◆ TASK MATERIAL:

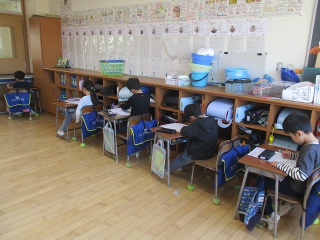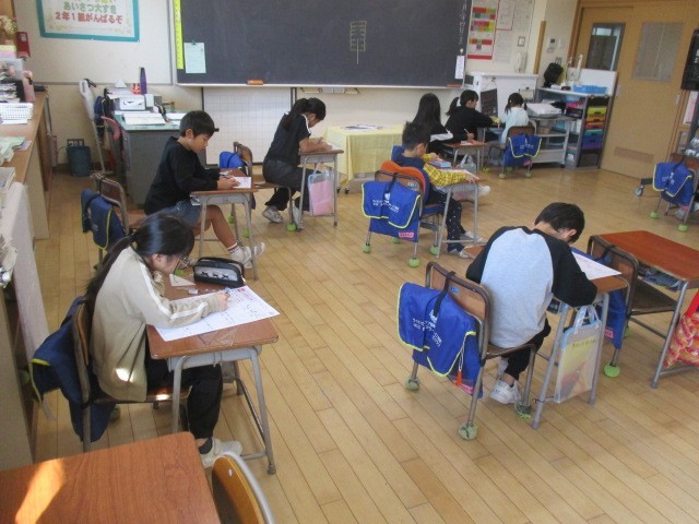 2年生の1時間目は、算数科の学習でした。「長方形と正方形」のテストをしていました。
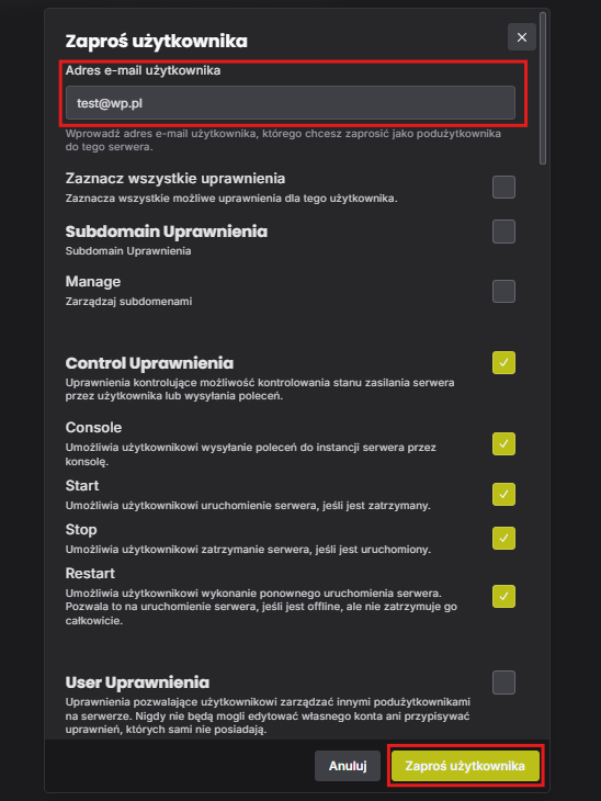 Zaznacz permisje, które chcesz nadać drugiej osobie, a następnie kliknij „Zaproś użytkownika”.
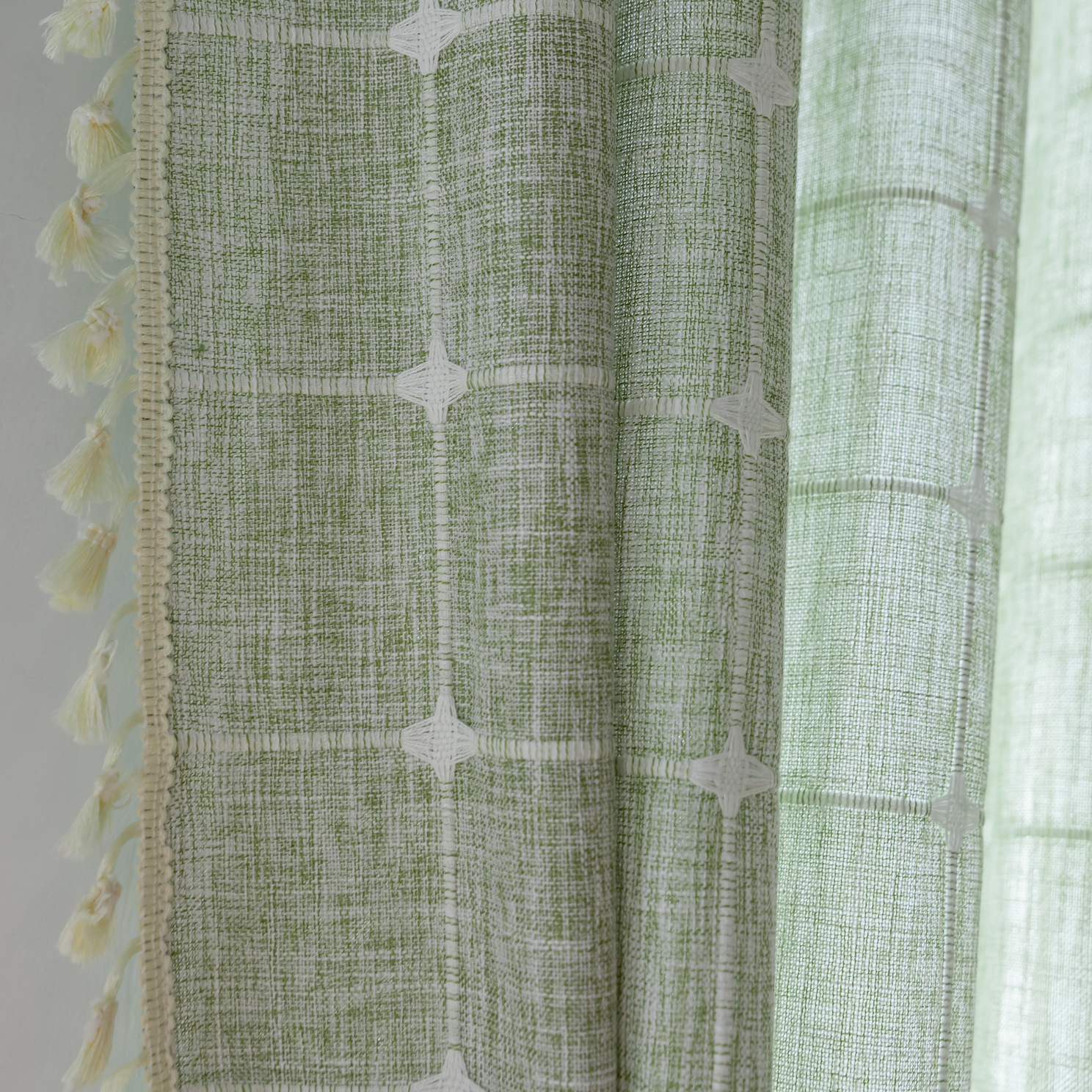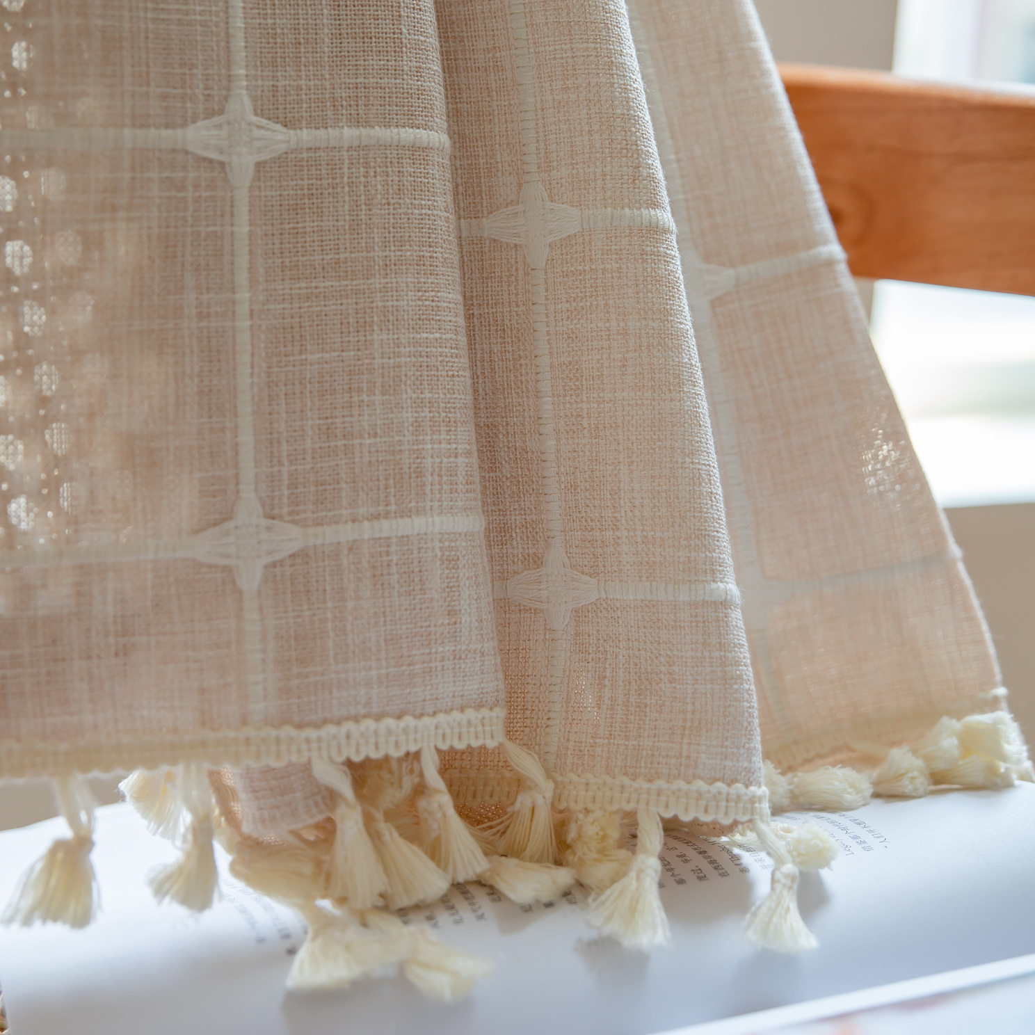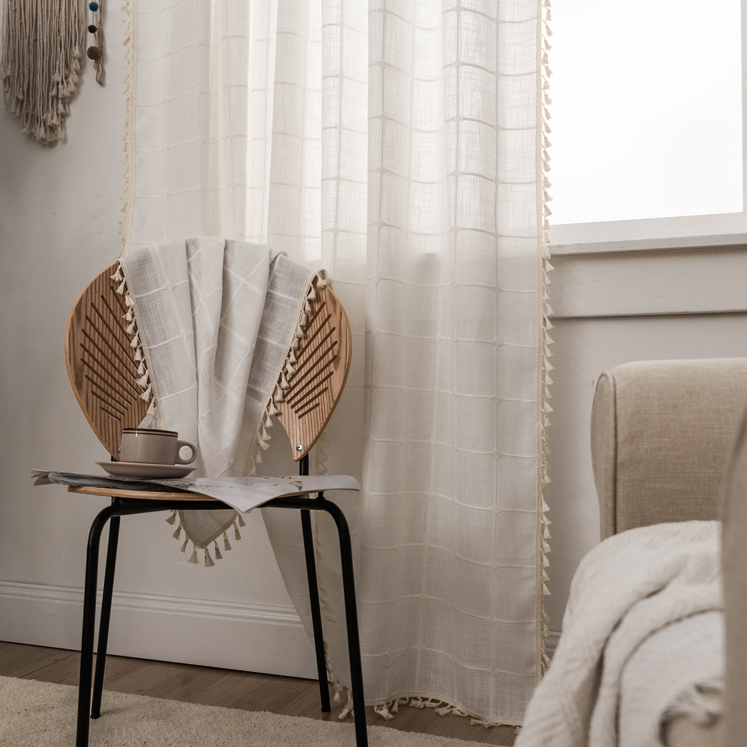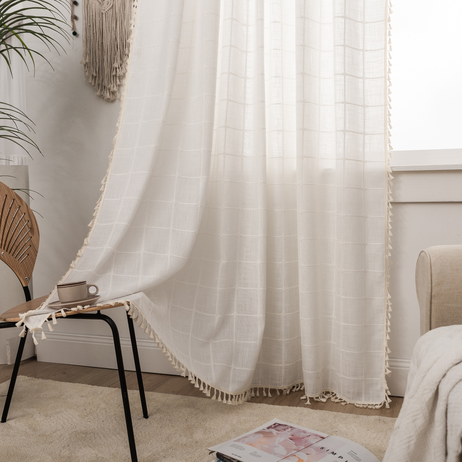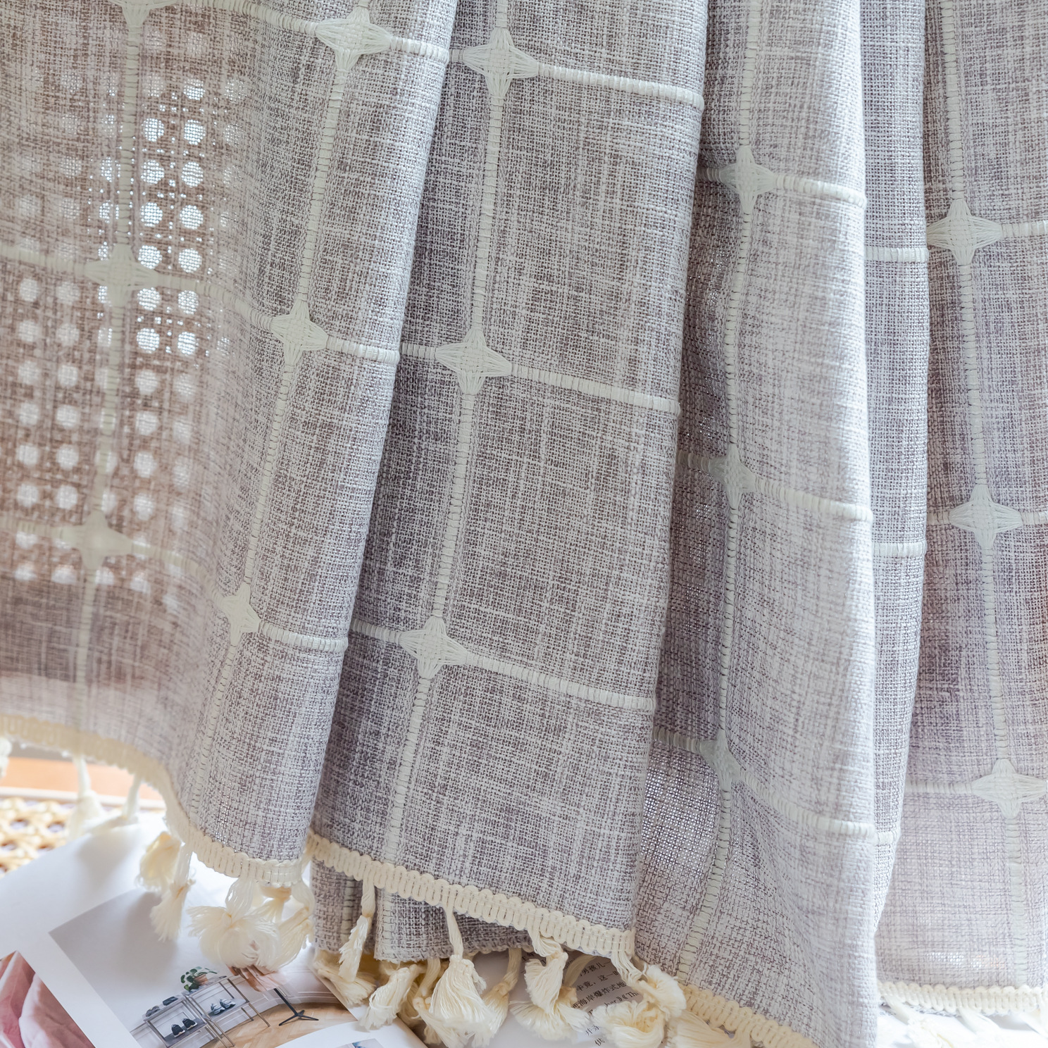 Готовая продукция для штор Эксклюзивно для США через границу для Amazon INS Хлопковая и льняная клетка Молочно-белая кисточка Залив Фабрика оконных штор
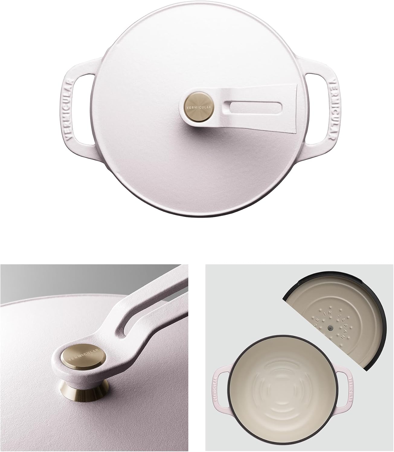 - Instant Evaporation: With Vermicular’s proprietary enamel coating, the pot quickly eliminates surface moisture, making the pot ideal for fast cooking methods like searing, stir-frying, and steam-roasting.
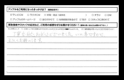 お忙しい中、二度もお店に足を運んでいただきましたが、金額の面でご期待に応えられて良かったです。良いお車を任せていただき本当にありがとうございます、今後ともどうぞよろしくお願いいたします。
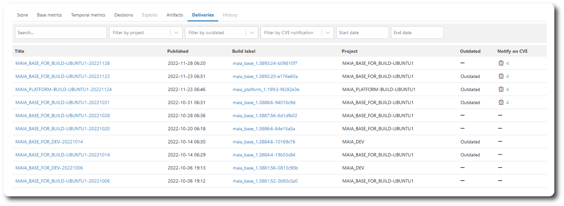 The CVE deliveries page contains a list of all delivery reports affected by this CVE.
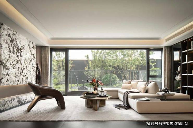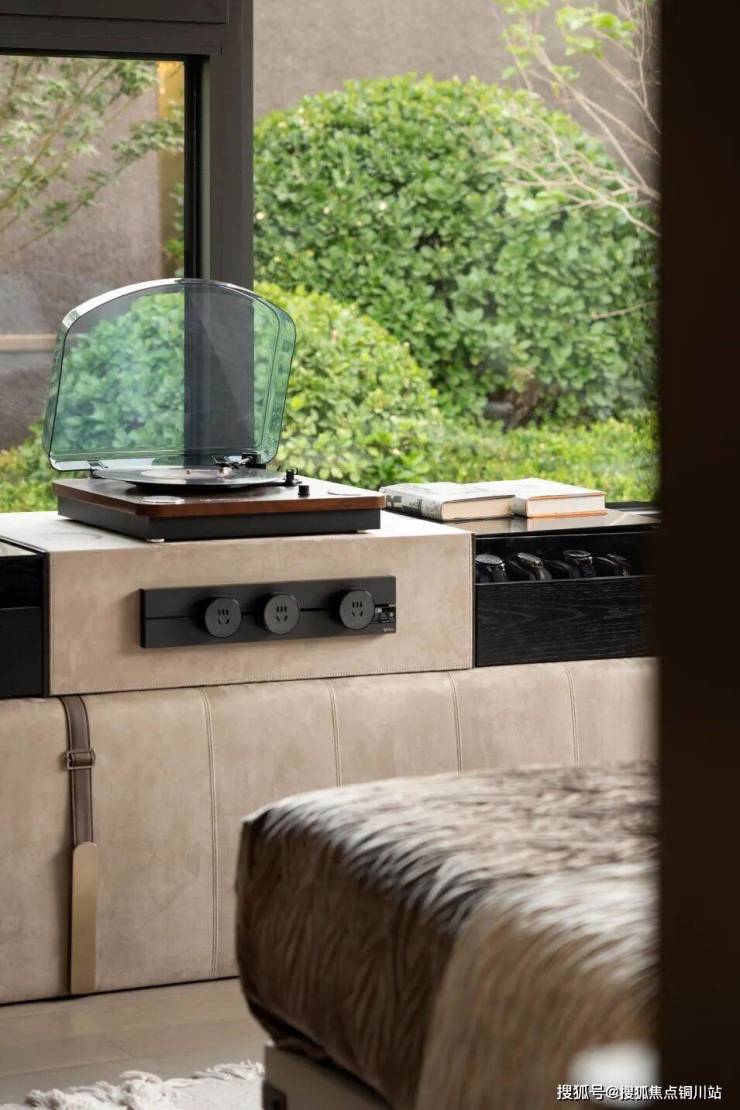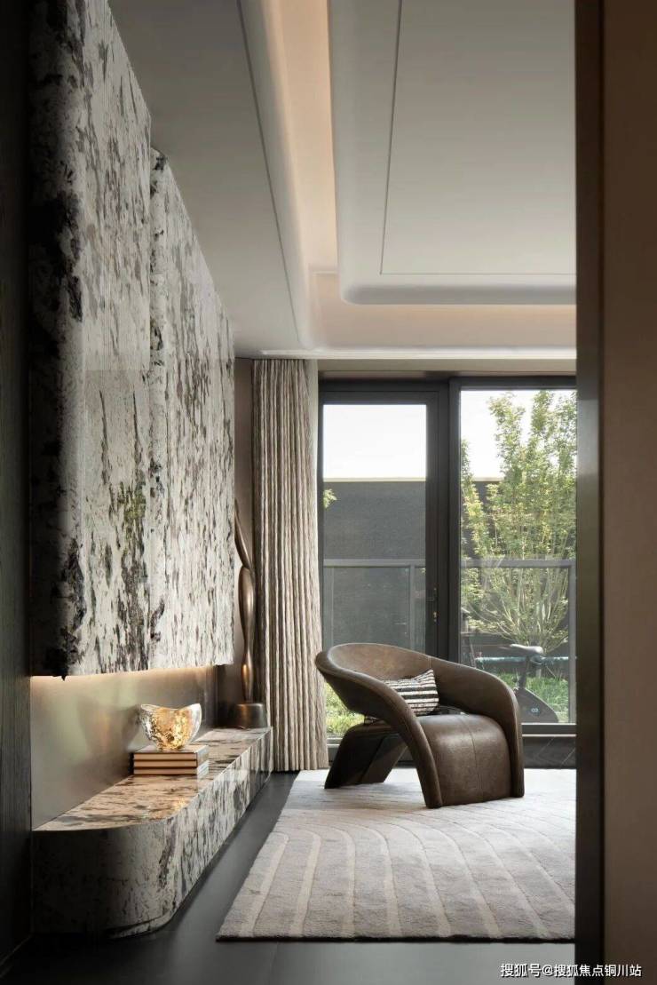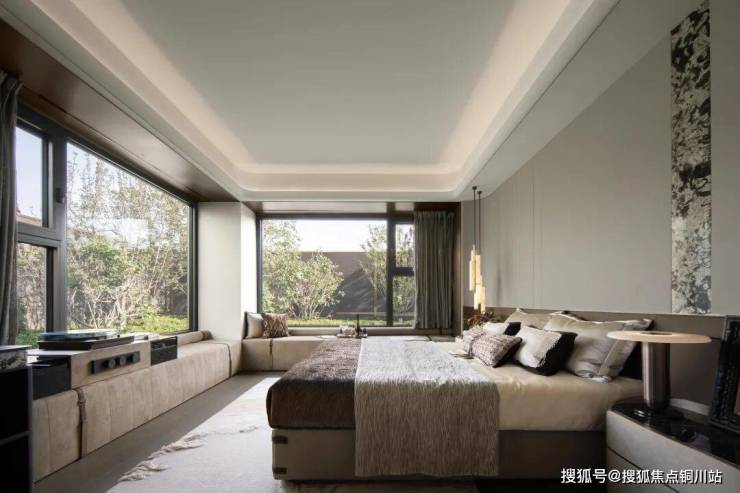步入主卧,低饱和的柔软包裹出休憩场所,L型飘窗作为功能性的景观焦点化身立体画框,大面积窗户作为自然光影的载体,日间绿意延伸空间维度,夜间转变为慵懒格调的阅读角落,实现“晨间凭栏望云,入夜蜷坐读诗”,既是放松身心的理想场所,也是连接自然与自我内心的诗意空间。

◆ WHAT IS BEING ASKED: Word for word, retype all of the data above, but include no pictures.

◆ TASK RESULT:
 2年生の1時間目は、算数科の学習でした。「長方形と正方形」のテストをしていました。
 Zaznacz permisje, które chcesz nadać drugiej osobie, a następnie kliknij „Zaproś użytkownika”.
 Готовая продукция для штор Эксклюзивно для США через границу для Amazon INS Хлопковая и льняная клетка Молочно-белая кисточка Залив Фабрика оконных штор
 - Instant Evaporation: With Vermicular’s proprietary enamel coating, the pot quickly eliminates surface moisture, making the pot ideal for fast cooking methods like searing, stir-frying, and steam-roasting.
 お忙しい中、二度もお店に足を運んでいただきましたが、金額の面でご期待に応えられて良かったです。良いお車を任せていただき本当にありがとうございます、今後ともどうぞよろしくお願いいたします。
 The CVE deliveries page contains a list of all delivery reports affected by this CVE.
步入主卧,低饱和的柔软包裹出休憩场所,L型飘窗作为功能性的景观焦点化身立体画框,大面积窗户作为自然光影的载体,日间绿意延伸空间维度,夜间转变为慵懒格调的阅读角落,实现“晨间凭栏望云,入夜蜷坐读诗”,既是放松身心的理想场所,也是连接自然与自我内心的诗意空间。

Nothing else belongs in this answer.